キミには一番星を

 母さんはと言うと、家事はほとんど俺任せ、になった。

小四ながら料理に洗濯、掃除をしなければいけなくなった。……体力的にもしんどかった。

よく母さんはこなしてたな、とこの時ばかりは尊敬出来た。

初めは上手くいかなかった料理も、一週間ほどでコツを掴んだ。それなりに上手に出来るようになった。

学校との両立は、まだまだ慣れなかったけど。でも、母さんに八つ当たりされるよりは全然マシだった。



 そして、そのまま小六になった。後期になって、俺が待ち望んでいた男子に出会った。

それが優雨だった。俺は、まぁ、噂のかっこいい男子三人の中の一人だってことは少し前に知った。

そこで、他の二人のことも必然的に知った。ただ、その二人は訳ありだけど。

その中の一人が優雨。ずっと一度会ってみて話がしたいと思っていた。……この子は、男子にだけいじめられていた。

会ってみれば、とても可愛らしい男の子だった。…昔の俺のようだった。

ただ、優雨の容姿はそこら辺の女子よりも整った、中性的な顔をしている。そこが俺とは違った。

雰囲気だけで、もう、優雨のことを気に入った。だから友達になろうと誘ったし、一緒に行動するようにした。

今まで俺の周りにいた女子を、俺が可愛くお願いすれば、あっさりと離れてくれた。

視線はすごかったけど、優雨との時間を邪魔しないでいてくれた。

俺にとって、優雨との時間は宝物になった。そもそも、彼の声が聴き心地が良すぎるんだ。

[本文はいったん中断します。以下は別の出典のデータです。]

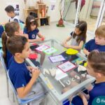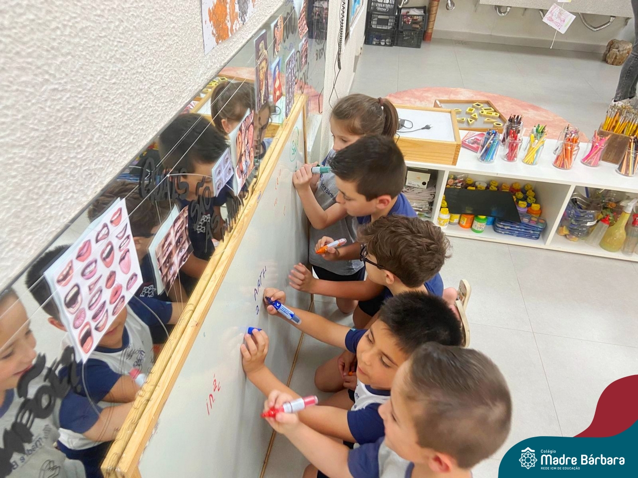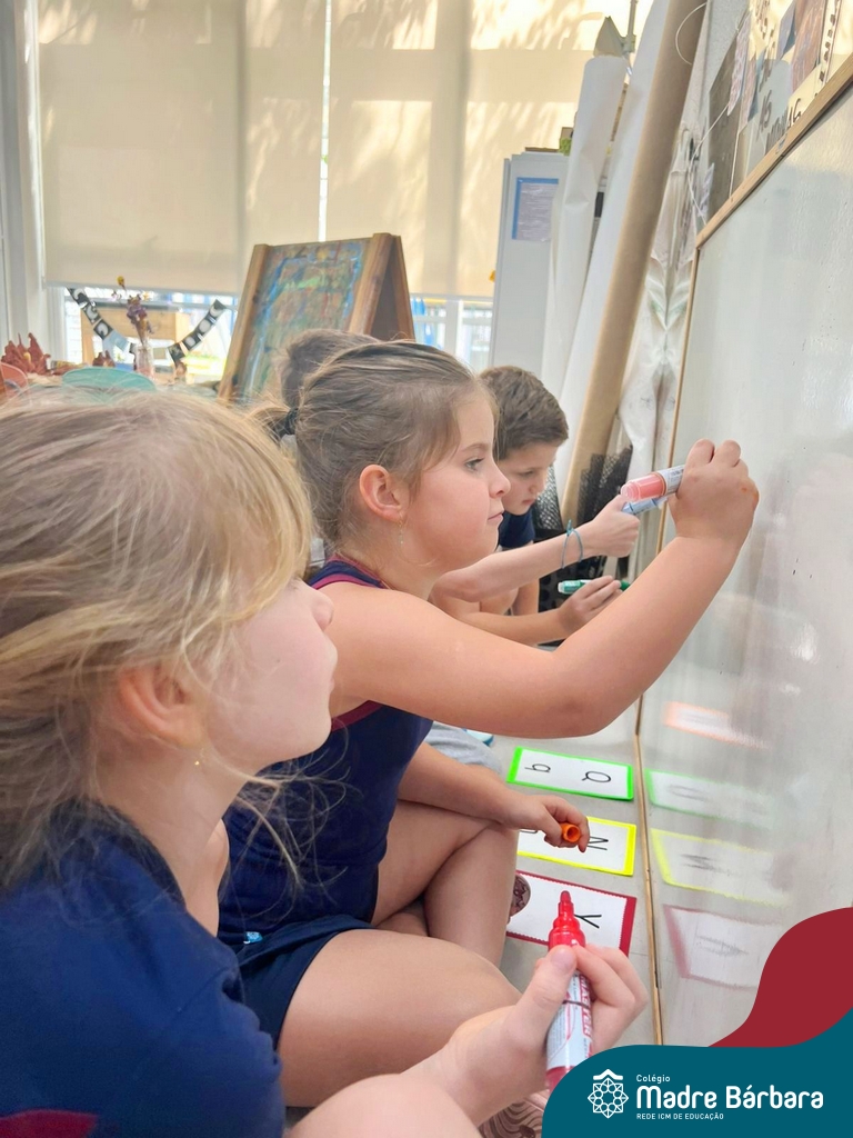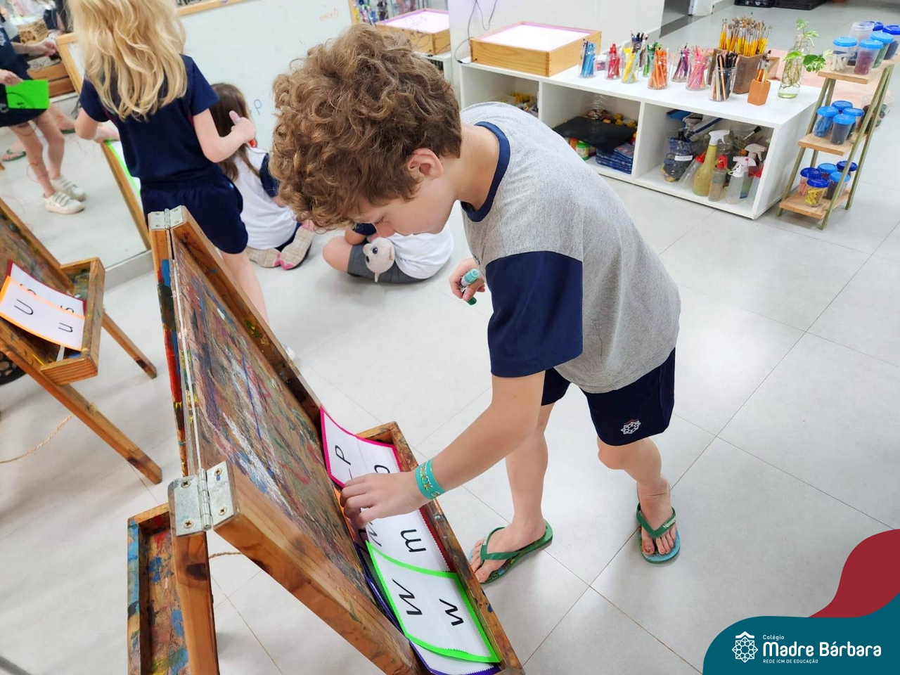 Nesta terça-feira, dia 5, os alunos do 1º ano participaram de uma vivência especial no ateliê: o lançamento da letra script minúscula. Por meio de materiais lúdicos e diversas propostas investigativas, as crianças puderam explorar, experimentar e reconhecer essa nova forma de escrita. O objetivo da atividade foi proporcionar um primeiro contato significativo, despertando a curiosidade e promovendo a autonomia no processo de alfabetização.

家での嫌なことだってどうでも良くなるほどの、威力を優雨は持っていた。



 中学二年になれば、噂の最後の一人である七生と出会った。彼もなかなかの過去を持っていた。

俺ら三人は似たもの同士で、ずっと三人で行動した。もちろん、笑顔をつくならくても良かった。

それだけで、結構疲れなかった。癒しの場だった。俺にとっては大事な存在の二人を、俺は守ろうと思った。

何か恩返しがしたい、と強く思うようになった。

そんな時に、アイドルのスカウトがあった。迷ったけど、二人を輝かせる最高の場になると思い、OKした。

今では人気ランキング一位になるまでになった。沢山のファンが出来て、二人も輝いていた。

まぁ、少し、ファンに対してもめんどくさいなって思う場面はあったけど。でも、それ以上に助けられた。

奏も混ざり、さらに賑やかになった。俺の大切な人、場所が増えていく。